Real-Time Object Detection and Distance Estimation Using WebRTC and AI

Overview

This project enables real-time object detection and distance estimation from a live video stream using WebRTC and AI models such as YOLOv8 and MediaPipe Pose. The system processes video frames, detects objects and humans, estimates their distances, and transmits the results via a Socket.io server.

Key Features

WebRTC-Based Video Streaming: Uses aiortc to stream video in real-time.
YOLOv8 Object Detection: Detects common objects in video frames.
Distance Estimation: Estimates distances of detected objects using bounding box sizes and reference heights.
MediaPipe Pose Tracking: Identifies human poses and estimates distances based on shoulder width.
Asynchronous Socket Communication: Uses socketio for real-time transmission of detected objects and their distances.

Technologies Used

Python & Asyncio: For non-blocking, real-time processing.
OpenCV: For image processing.
YOLOv8 (Ultralytics): Object detection model.
MediaPipe Pose: Human pose estimation.
WebRTC (aiortc): Video streaming framework.
Socket.io: Real-time client-server communication.
Aiohttp: Asynchronous web framework.

How It Works

Client Connection:
- The client sends a WebRTC offer to establish a peer-to-peer connection.
- The server responds with an answer to complete the WebRTC handshake.
Video Processing:
- The VideoTransformTrack class processes incoming video frames.
- YOLOv8 detects objects and calculates their distances using a predefined size reference.
- MediaPipe Pose detects human poses and estimates distances based on shoulder width.
Real-Time Data Transmission:
- Detection results, including object labels, confidence scores, and estimated distances, are sent to the client via Socket.io.
- FPS (frames per second) is calculated and included in the response.
Connection Management:
- The server manages multiple peer connections and cleans up stale connections periodically.

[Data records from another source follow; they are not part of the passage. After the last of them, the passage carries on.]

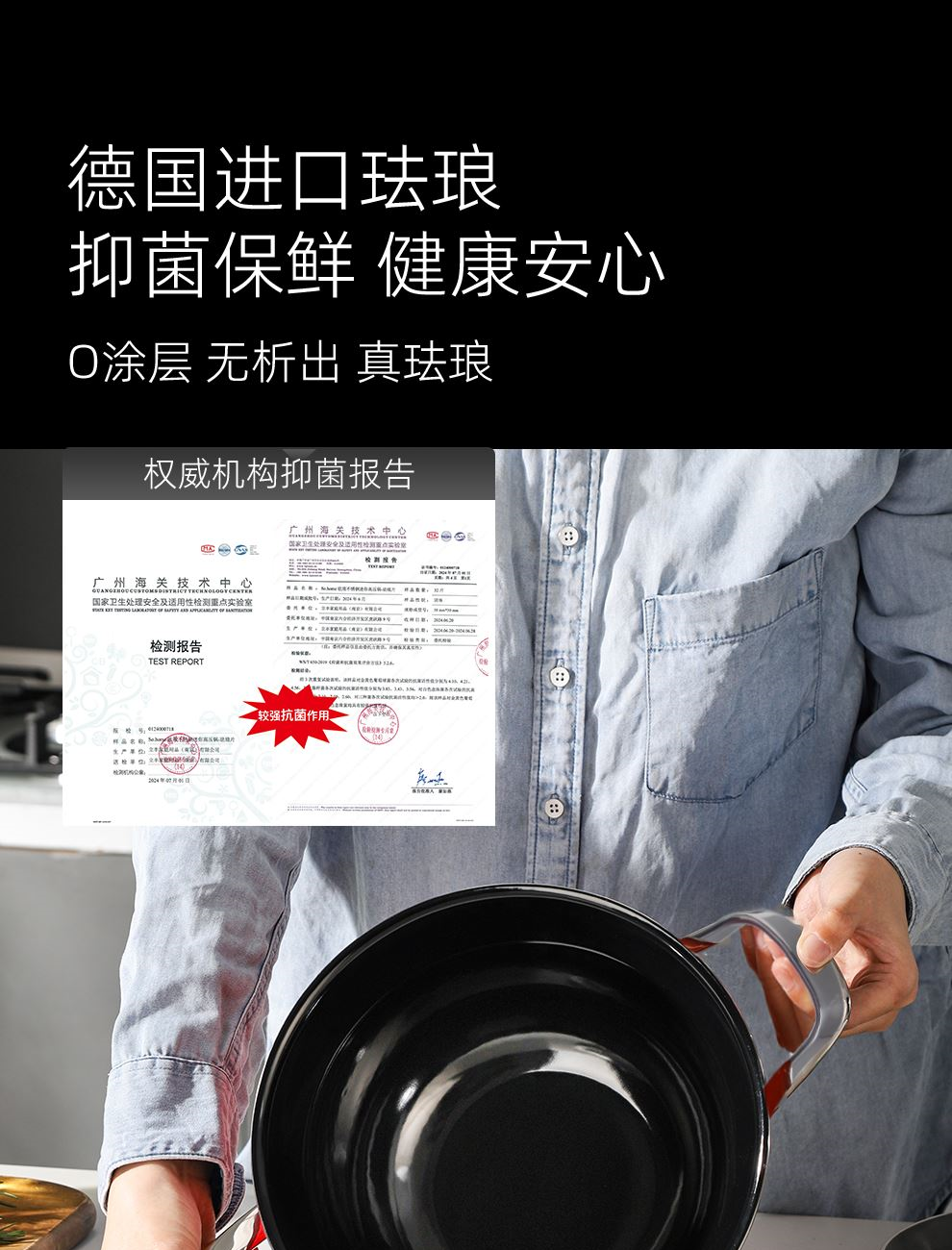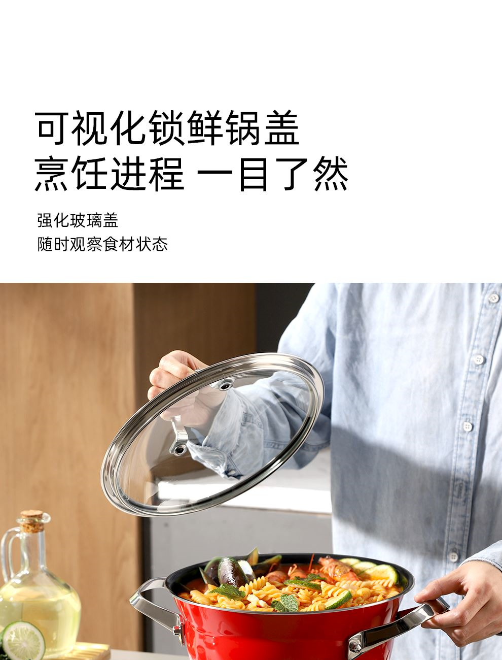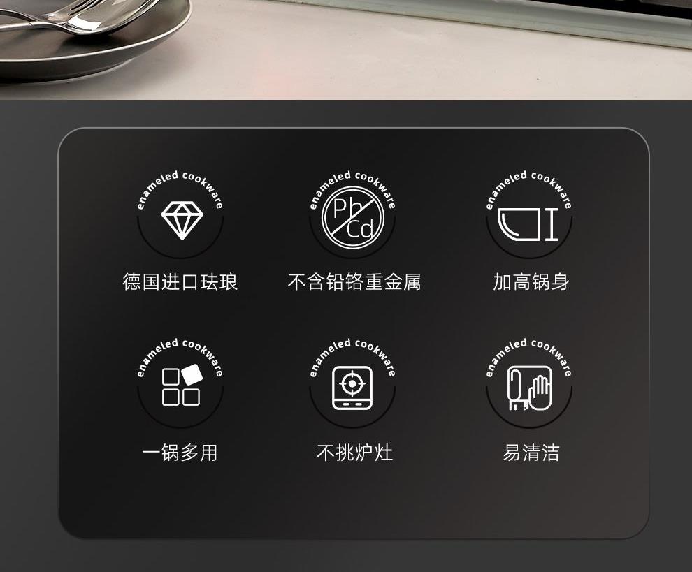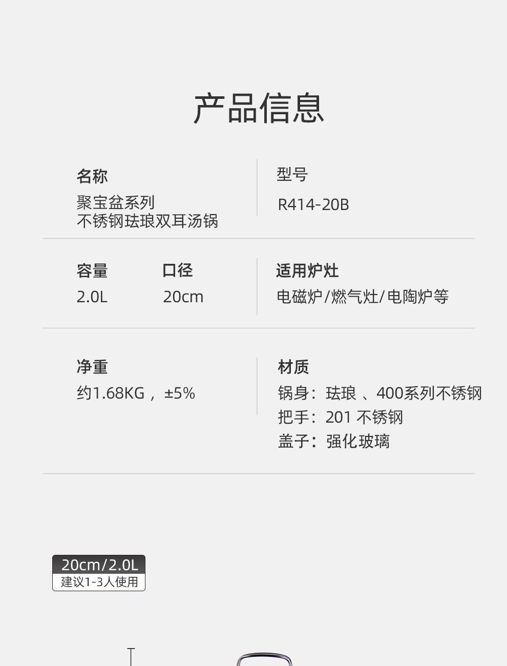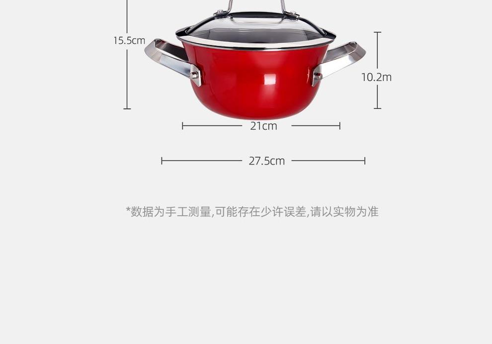 产品尺寸:口径20cm 高:10.2cm 产品容量:2.0L 产品材质: 锅身:珐琅、400系列不锈钢 把手:201不锈钢 盖子:强化玻璃 1、德国进口珐琅与不锈钢流光锁鲜,还原食材本真; 2、无铅无异味,健康无害,外扩盘壁.翻面方便,出锅顺畅。 3、加宽防烫把手,锅身受热快速,全灶具通用。
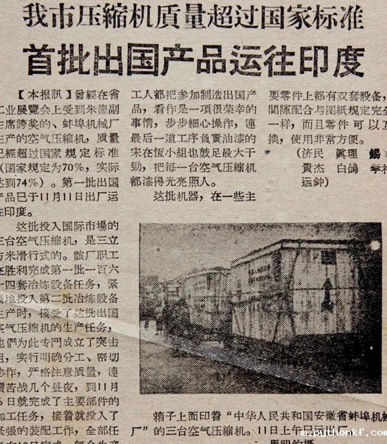 当年,蚌埠生产的空气压缩机,不仅远销国内,而且以精良的质量标准,完全达到出国水平。1958年全厂职工在胜利的欢笑声中,把三台W/3m³型的移动式空气压缩机运往印度尼西亚,开创了蚌埠机械工业的光辉篇章。同时,填补了我国机械工业的空白,为我国的冶金、石油、化工以及国防工程建设了做出了贡献!
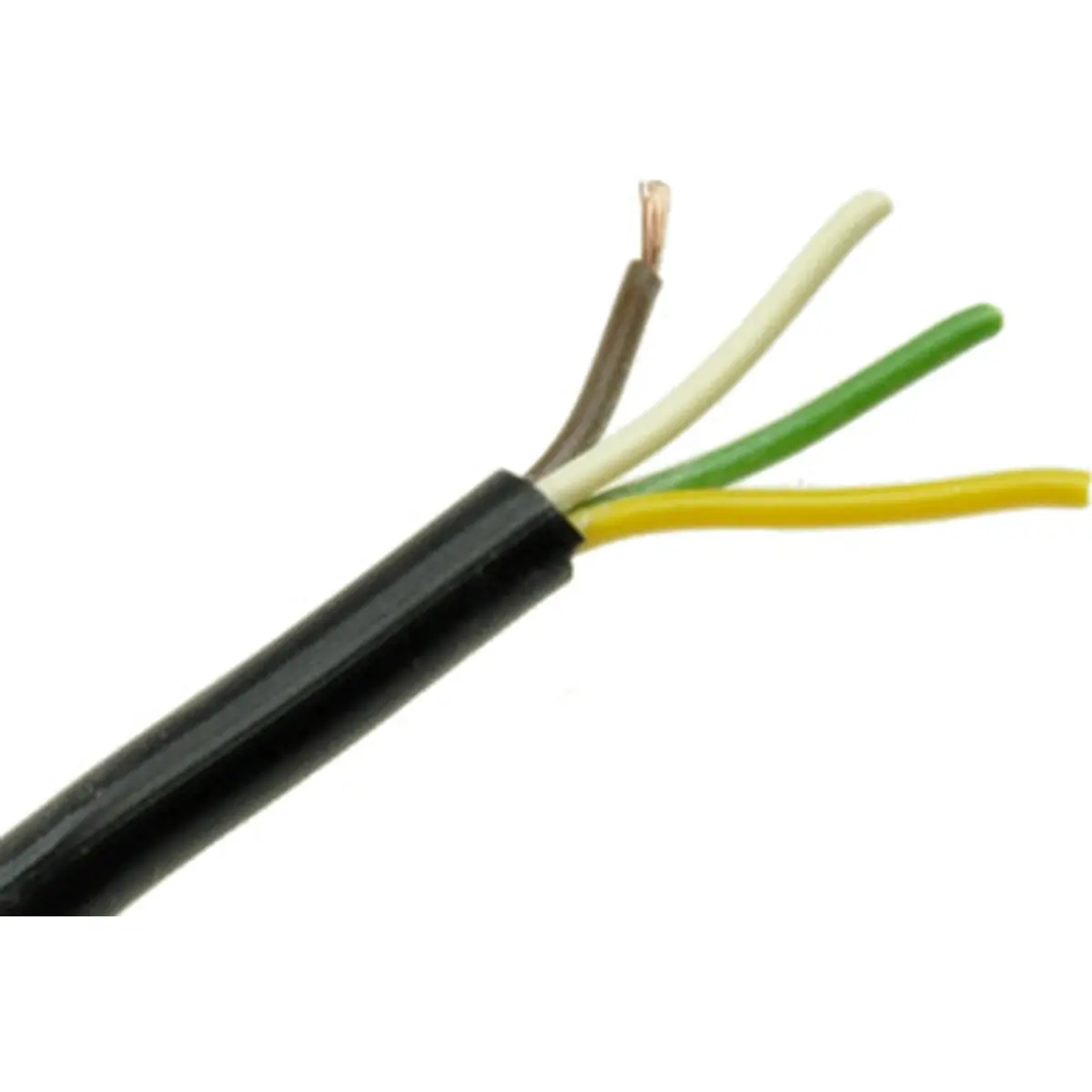 O cabo multifilar, com quatro condutores de 0,14 mm² e isolamento em PVC preto, tem diâmetro externo de 3,4 mm e tensão nominal de 300 V. Destina-se a automação, controlo de máquinas, electrónica industrial e transmissão de dados, apresentando resistência a óleo, funcionamento entre -40 °C e 80 °C, não propaga chamas e sem blindagem. As cores do isolamento são distintas, com marcação a cores, sem repetições.
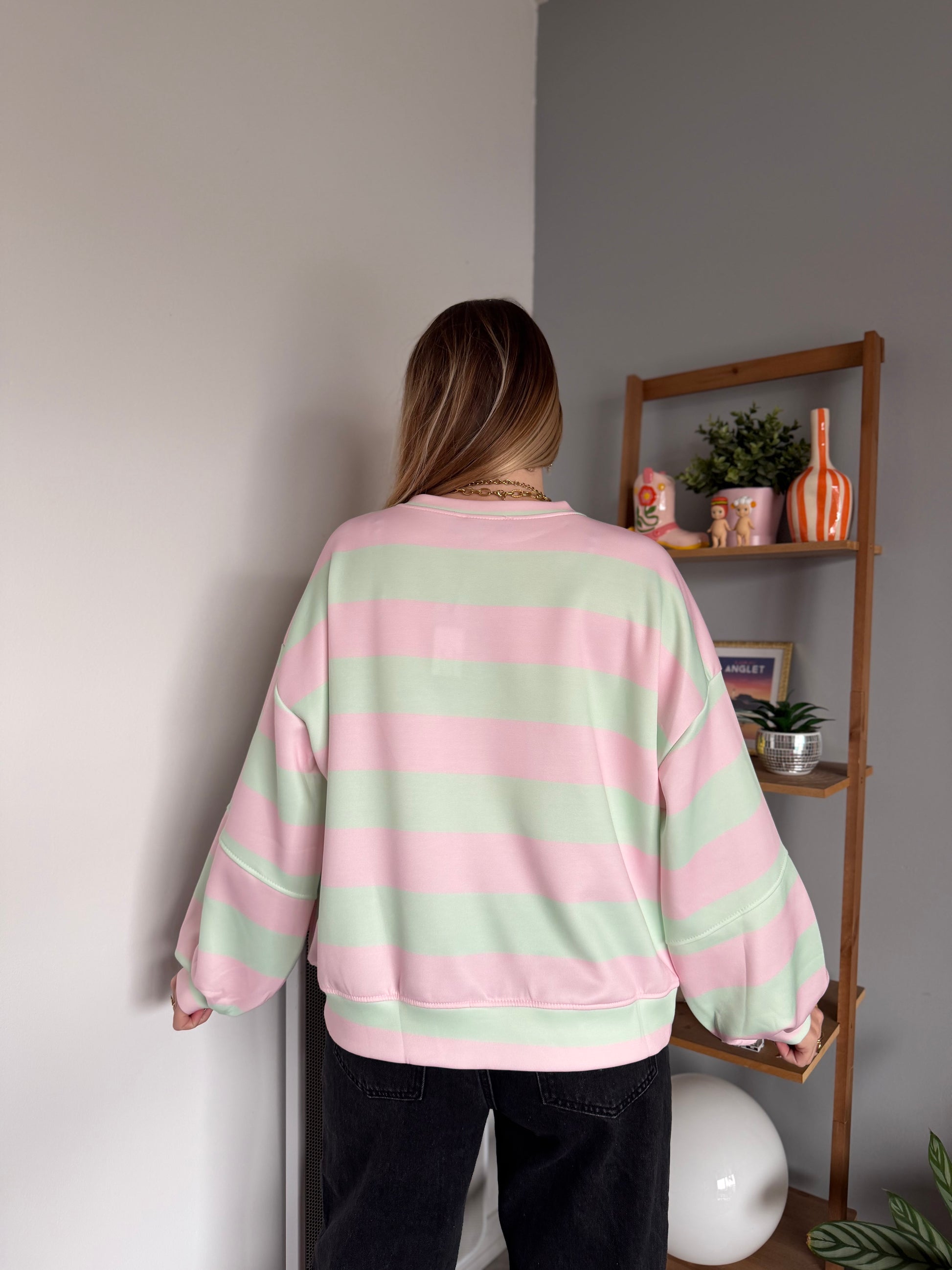 🤍 Sweat Marinière GABRIEL Vert + Rose
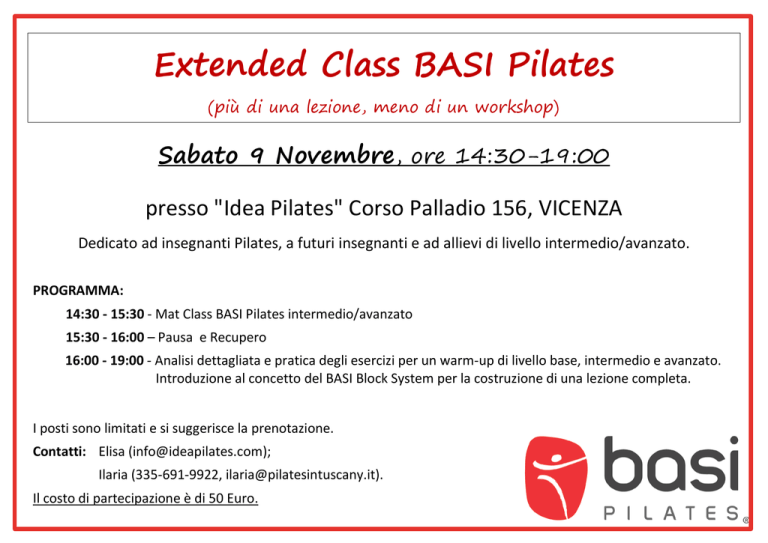Extended Class BASI Pilates (più di una lezione, meno di un workshop) Sabato 9 Novembre, ore 14:30-19:00 presso "Idea Pilates" Corso Palladio 156, VICENZA Dedicato ad insegnanti Pilates, a futuri insegnanti e ad allievi di livello intermedio/avanzato. PROGRAMMA: 14:30 - 15:30 - Mat Class BASI Pilates intermedio/avanzato 15:30 - 16:00 – Pausa e Recupero 16:00 - 19:00 - Analisi dettagliata e pratica degli esercizi per un warm-up di livello base, intermedio e avanzato. Introduzione al concetto del BASI Block System per la costruzione di una lezione completa. I posti sono limitati e si suggerisce la prenotazione. Contatti: Elisa ([email protected]); Ilaria (335-691-9922, [email protected]). Il costo di partecipazione è di 50 Euro.
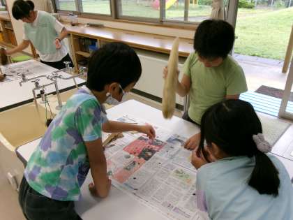 1学期から育てていたヘチマを収穫しました。感触やにおいをたしかめながら種を出して数えていました。

Distance Estimation Approach

For objects: [ \text{distance} = \frac{\text{real height} \times \text{focal length}}{\text{bounding box height}} ]
- Uses a reference height table for common objects.
For humans: [ \text{distance} = \frac{\text{shoulder width (40 cm)} \times \text{focal length}}{\text{shoulder width (pixels)}} ]
- Adjusted with a calibration factor for accuracy.